▶ [Exercise brief] Output only the lines below from the one holding "Battle | ||" down to the one holding "扫描下方二维码或复制链接到浏", both end lines included and every picture dropped.

+++

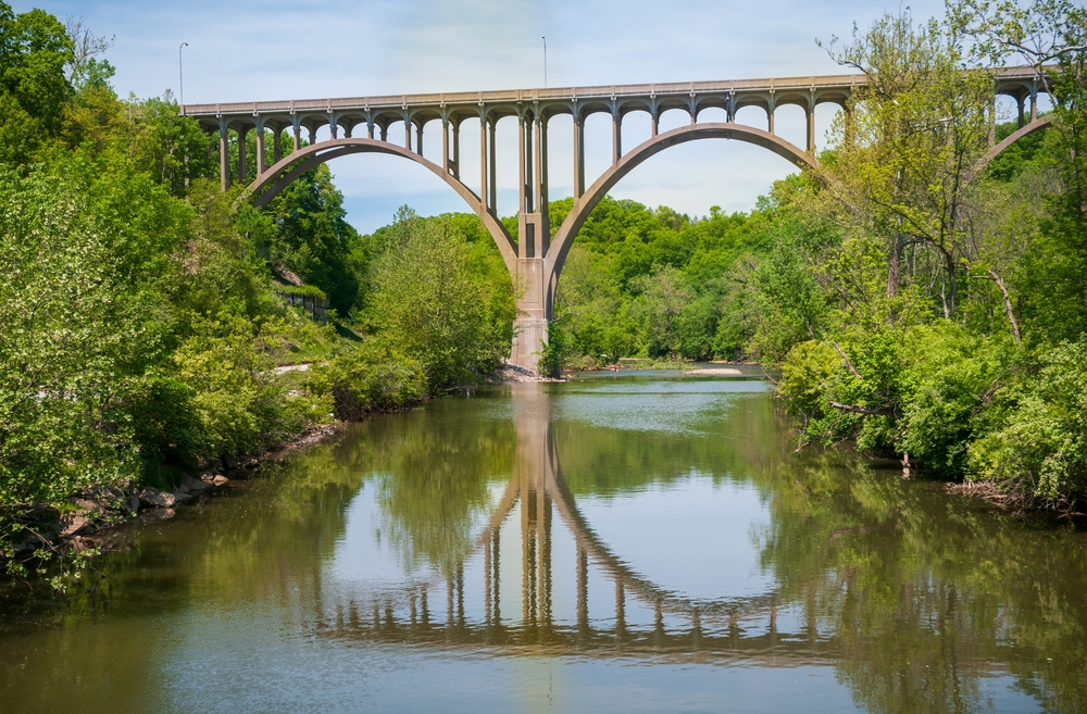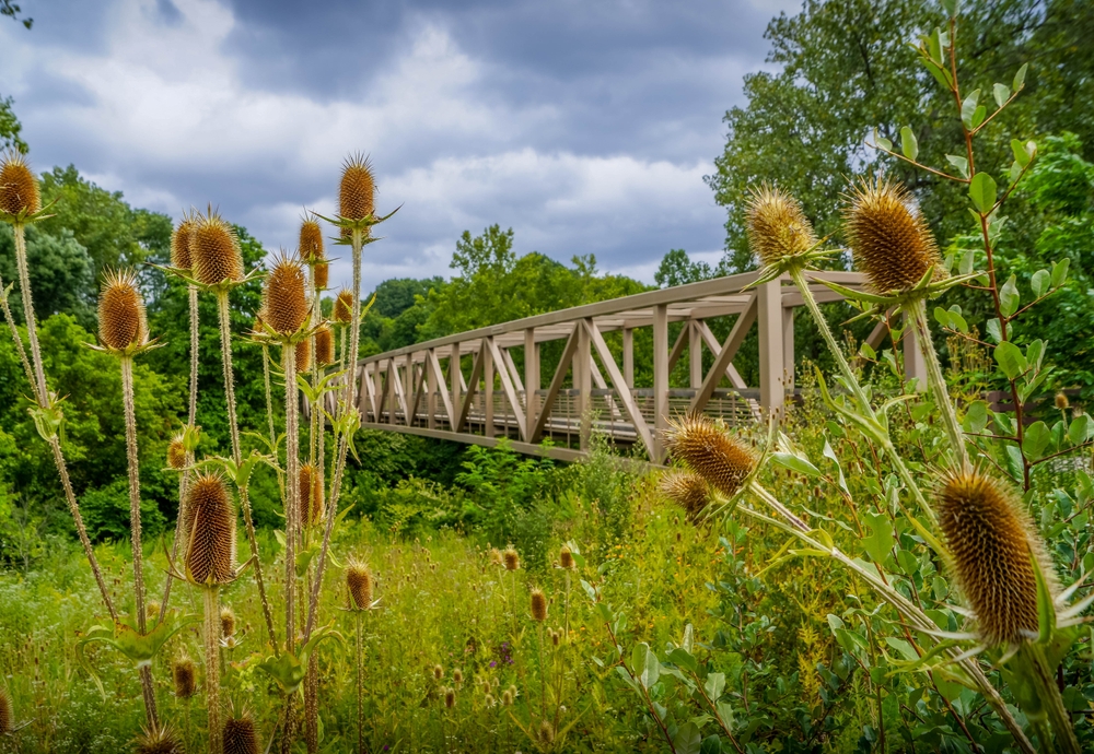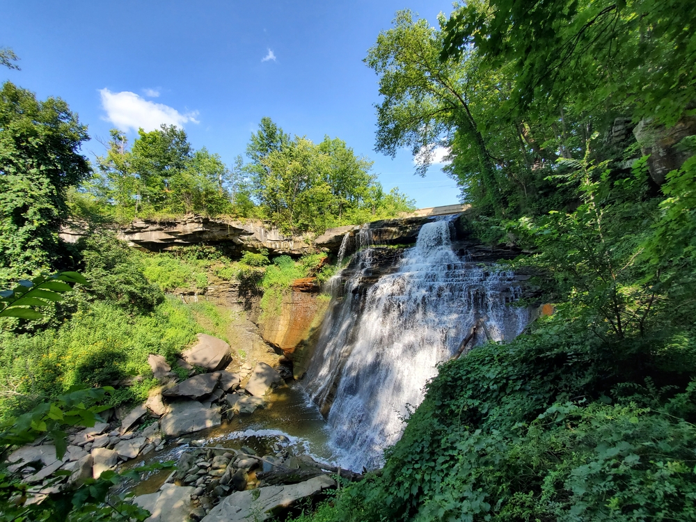 Cuyahoga Valley National Park is located in northeastern Ohio, United States, nestled between the cities of Cleveland and Akron. The park spans along the Cuyahoga River, covering a mix of dense forests, wetlands, and rolling hills. The nearby towns include Peninsula, Brecksville, and Independence, all of which offer convenient access to the park. Established as a national recreation area in 1974, Cuyahoga Valley gained national park status on October 11, 2000. The park was established to protect the natural beauty of the Cuyahoga River Valley while preserving its cultural heritage, including its significance to the Native American peoples and its role in the Ohio and Erie Canal’s history. Parking is readily available throughout the park, with multiple lots at key trailheads, visitor centers, and scenic areas like Brandywine Falls and the Boston Mill Visitor Center. There are no entrance fees, and parking is generally free, though some special events may involve fees. Wildlife in the park is diverse, including species like white-tailed deer, beavers, coyotes, and a wide variety of birds such as great blue herons, bald eagles, and wood ducks. The park's wetlands and riverbanks also provide habitats for amphibians and fish, such as frogs, salamanders, and smallmouth bass. The flora of Cuyahoga Valley includes hardwood forests of oak, hickory, and maple trees, as well as lush meadows and floodplains. Wildflowers like trilliums and violets bloom in the spring, adding color to the landscape. Prominent landmarks within the park include the iconic Brandywine Falls, the Ohio & Erie Canal Towpath Trail, and the historic Everett Covered Bridge. Public transportation options include the Cuyahoga Valley Scenic Railroad, which runs through the park, offering a unique way to explore the area. Local bus services also connect visitors to various points within the park.
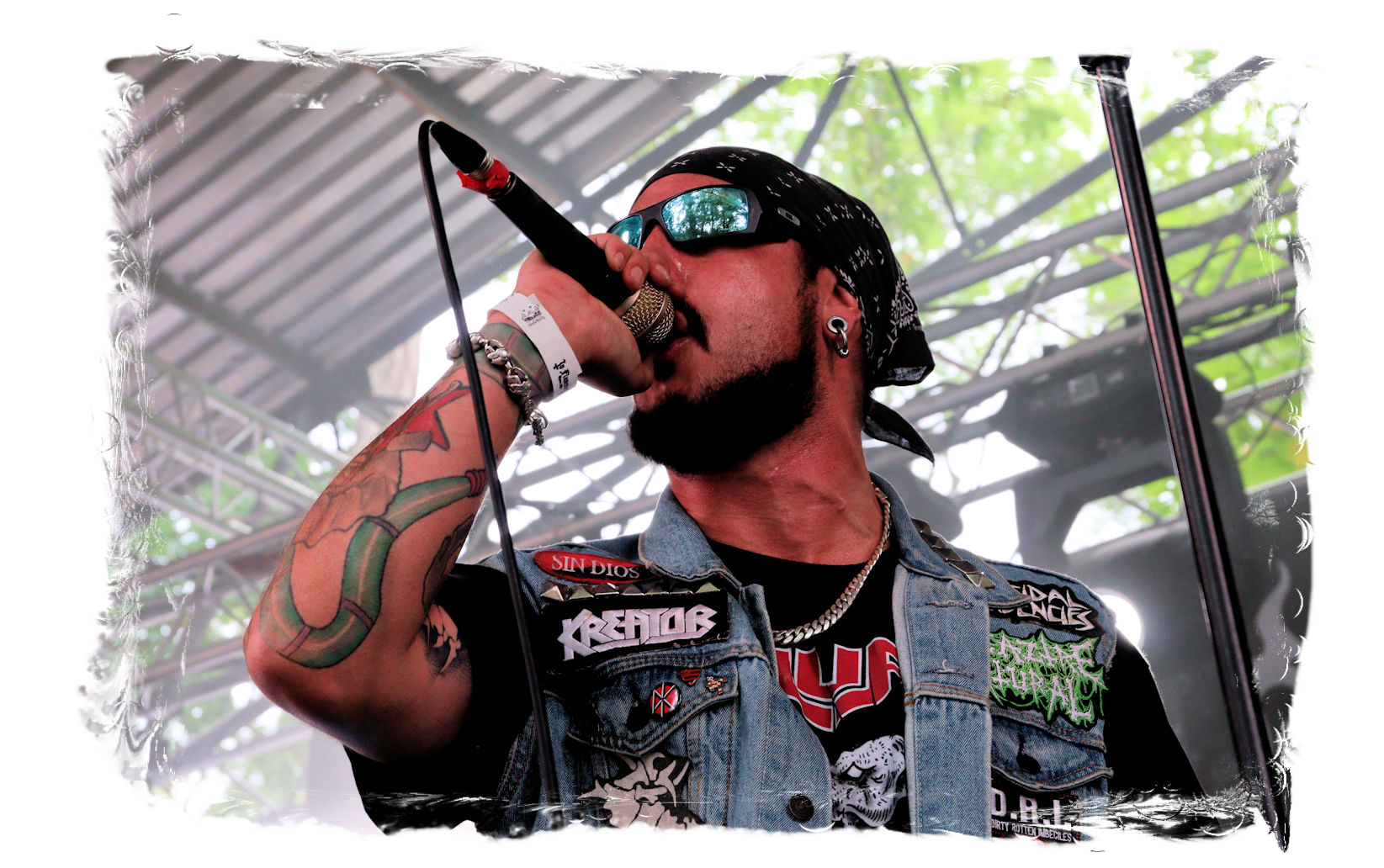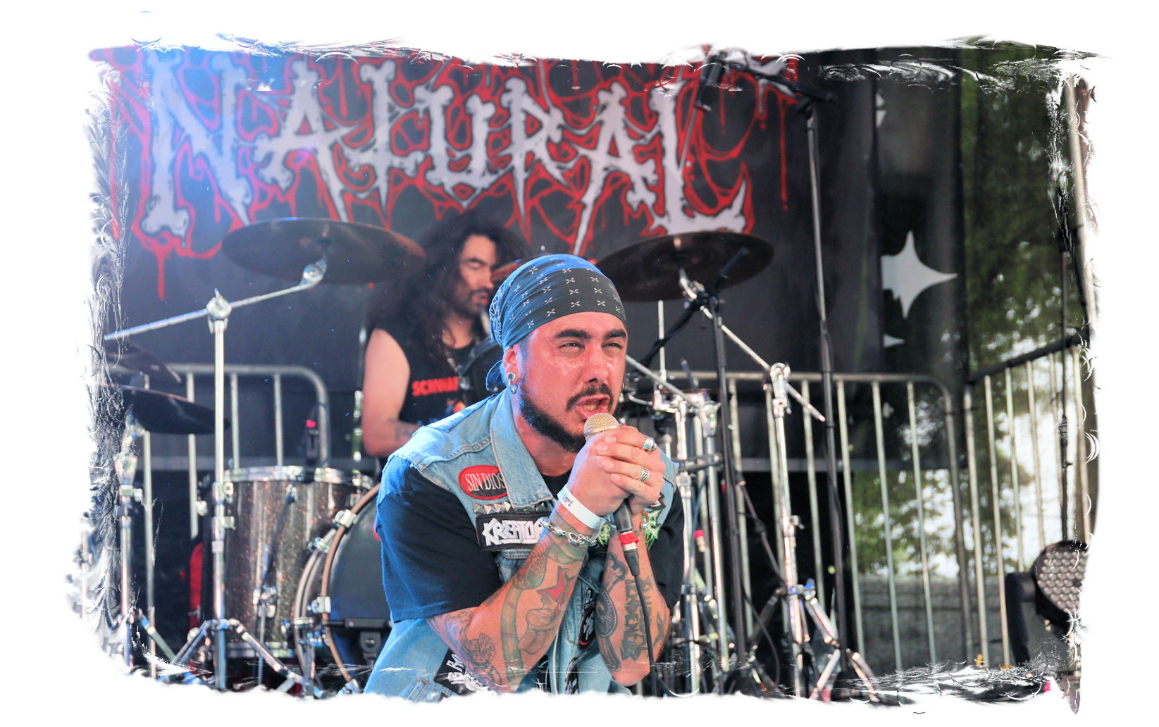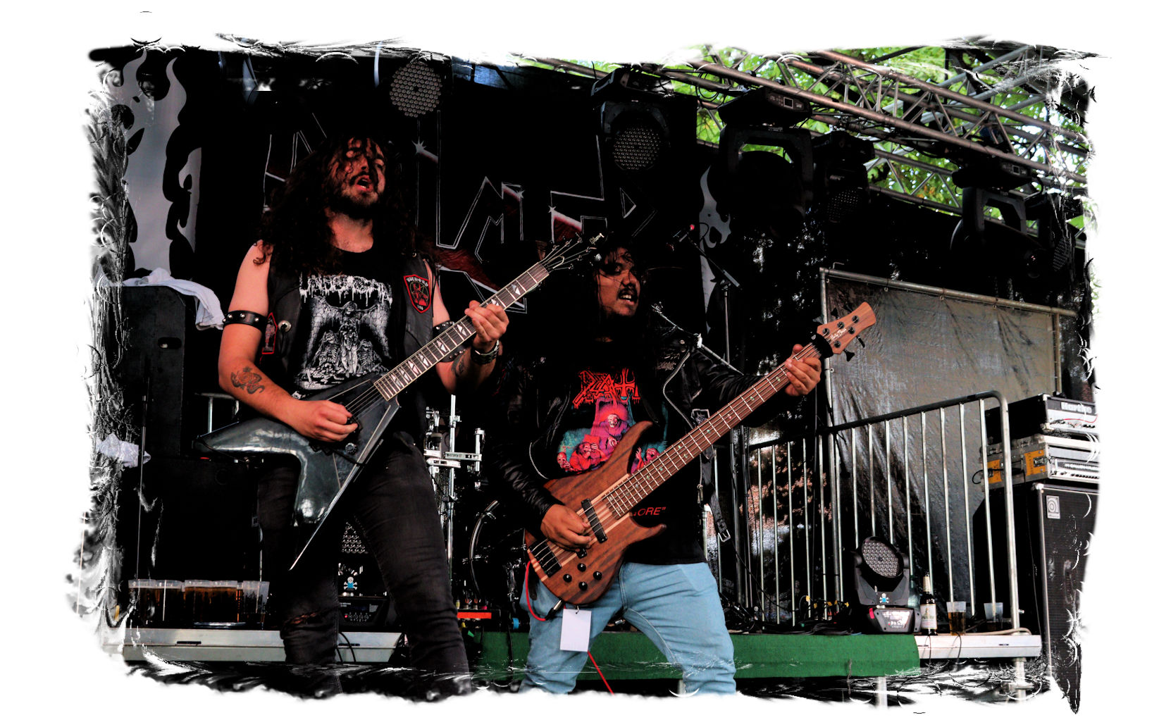 Für den musikalischen Hallo-Wach-Effekt sorgen dann zur Mittagszeit die Chilenen von DEZAZTRE NATURAL. Was für eine herrlich angepisste und abgefuckte Mischung aus Thrash Metal und Hardcore mit spanischen Texten. Mit diesem Südamerika-Brett einer höchst agilen und rotzigen Band hat der Tag gleich sein erstes Ausrufezeichen und ich meinen ersten Latte Machiato mit Baileys. Schließlich gilt es sich, auf die längste Kuchentafel der Festivalsaison einzustimmen.
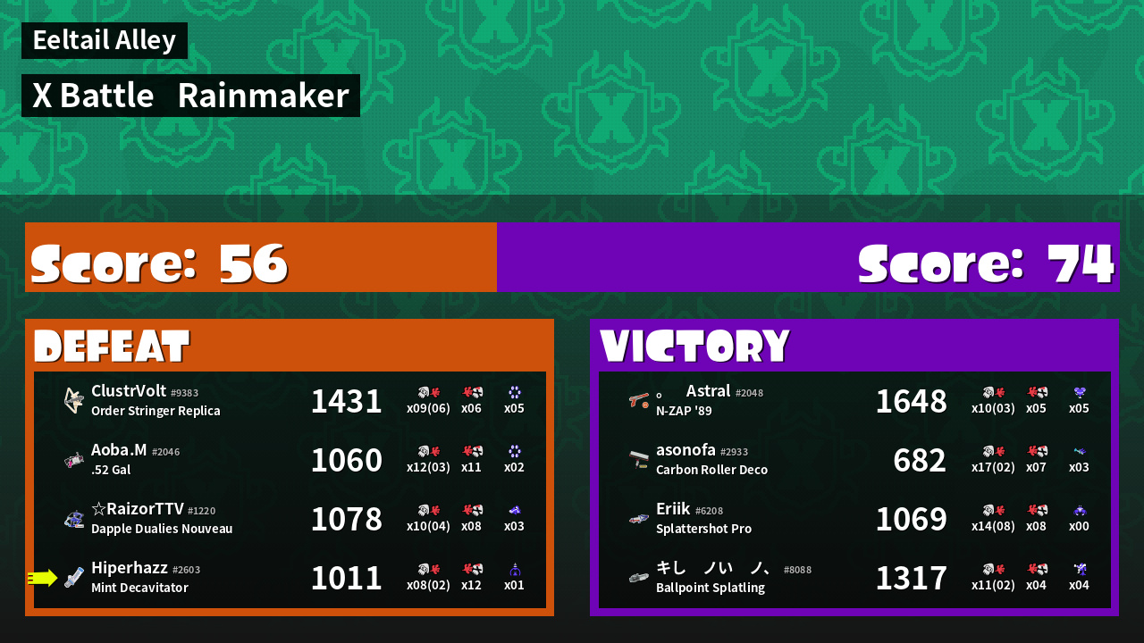 | Mode | Rainmaker - X Battle | ||
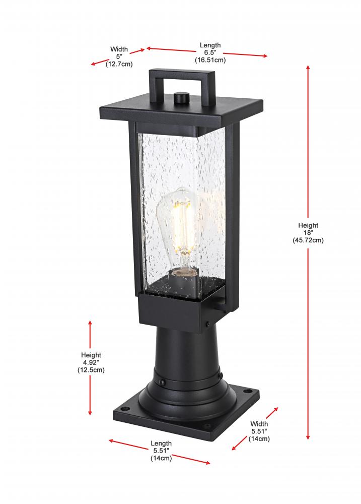 Outdoor Pole Light L6.5" H18" W5.5" L1 Black
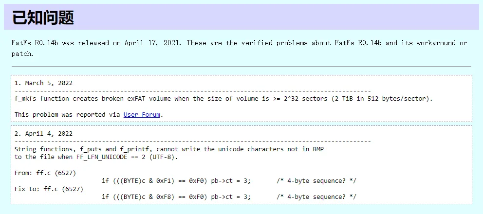 扫描下方二维码或复制链接到浏览器查看:记录着有关Fatfs最新版本的已知问题以及问题的解决方法或补丁。
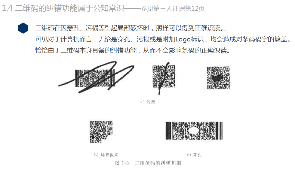 最后,關(guān)于二維碼的成功,以至于成為當(dāng)今商業(yè)社會最為重要的流量入口,這一方面要歸功于二維碼本身加入了Reed-Solomon糾錯算法,為其廣泛傳播奠定了基礎(chǔ);另一方面則要歸功于國家的高度重視,以及騰訊、阿里等互聯(lián)網(wǎng)科技公司所做出的不懈努力。然而,這與涉案專利并無關(guān)聯(lián)。

+++

▶ [Answer to the problem]
 | Mode | Rainmaker - X Battle | ||
 Outdoor Pole Light L6.5" H18" W5.5" L1 Black
 扫描下方二维码或复制链接到浏览器查看:记录着有关Fatfs最新版本的已知问题以及问题的解决方法或补丁。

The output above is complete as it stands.